Actuellement la question doctrinale est sur le métier. On scrute, on analyse, on dissèque tout, on est en train de tout renouveler. Certes, nous ne sommes point opposé à ce gigantesque travail de démolition et de reconstruction. Mais une chose nous effraie : la légèreté, la désinvolture, le sans-souci avec lesquels on se livre à ce travail et l’imperturbable assurance avec laquelle on proclame comme certains des résultats pourtant plus ou moins problématiques. Ce qui nous effraie, c’est que telles Églises regardent d’un œil parfaitement indifférent ou même favorable ces joutes théologiques et que ceux qui sont placés à la tête des troupeaux ne disent rien et ne font rien pour limiter le mouvement, pour le faire rentrer dans le courant évangélique.

On n’enchaîne pas la pensée ! D’accord, mais une Église est-elle donc un bazar de doctrines hétérogènes, mal étudiées et contradictoires ? La liberté est-elle de la licence ? Une Église ne doit-elle pas se grouper autour d’un fait central incontestable et incontesté, sous peine de devenir une Babylone spirituelle ? Que si l’on attaque la personne de Jésus, chef de l’Église et fondement de la foi, n’ébranle-t-on pas tout l’édifice chrétien ?

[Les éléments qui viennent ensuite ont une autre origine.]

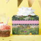 La imagen de este producto representa un jardín de flores de primavera; las flores coloridas en hermosos tonos amarillos, blancos, rosas, violetas, lavanda y fucsia, con un divertido recorte de puntos de polka.

Faire bon marché des doctrines, n’attacher aucune importance à leur énoncé, si contraire que cet énoncé soit à l’Évangile, ce n’est pas de la largeur chrétienne, c’est de l’infidélité au premier chef, c’est faire bon marché de l’Évangile lui-même. Une Église, répétons-le afin qu’on l’entende, une Église n’est pas une école de scepticisme, une fabrique de dogmes quelconques, c’est une famille ayant son chef respecté, une armée groupée autour d’un drapeau portant une devise nettement accentuée.

Réagissons contre un courant qui nous emporte loin des terres fermes de la révélation évangélique, qui nous fait errer de côté et d’autre au gré des différents docteurs et qui finira par nous jeter sur quelque écueil capable de réduire à l’état de simple épave ou de débris sans valeur le vieux vaisseau de l’Église du Christ. Ce qu’il faut à notre génération, c’est un Évangile avec tous ses angles et toutes ses aspérités, avec son âpre saveur, l’Évangile des apôtres et du siècle apostolique : celui-là seul convertit et régénère, sanctifie et sauve !

 

 

Eug. BARNAUD.

 

Paru dans La Liberté chrétienne en 1898.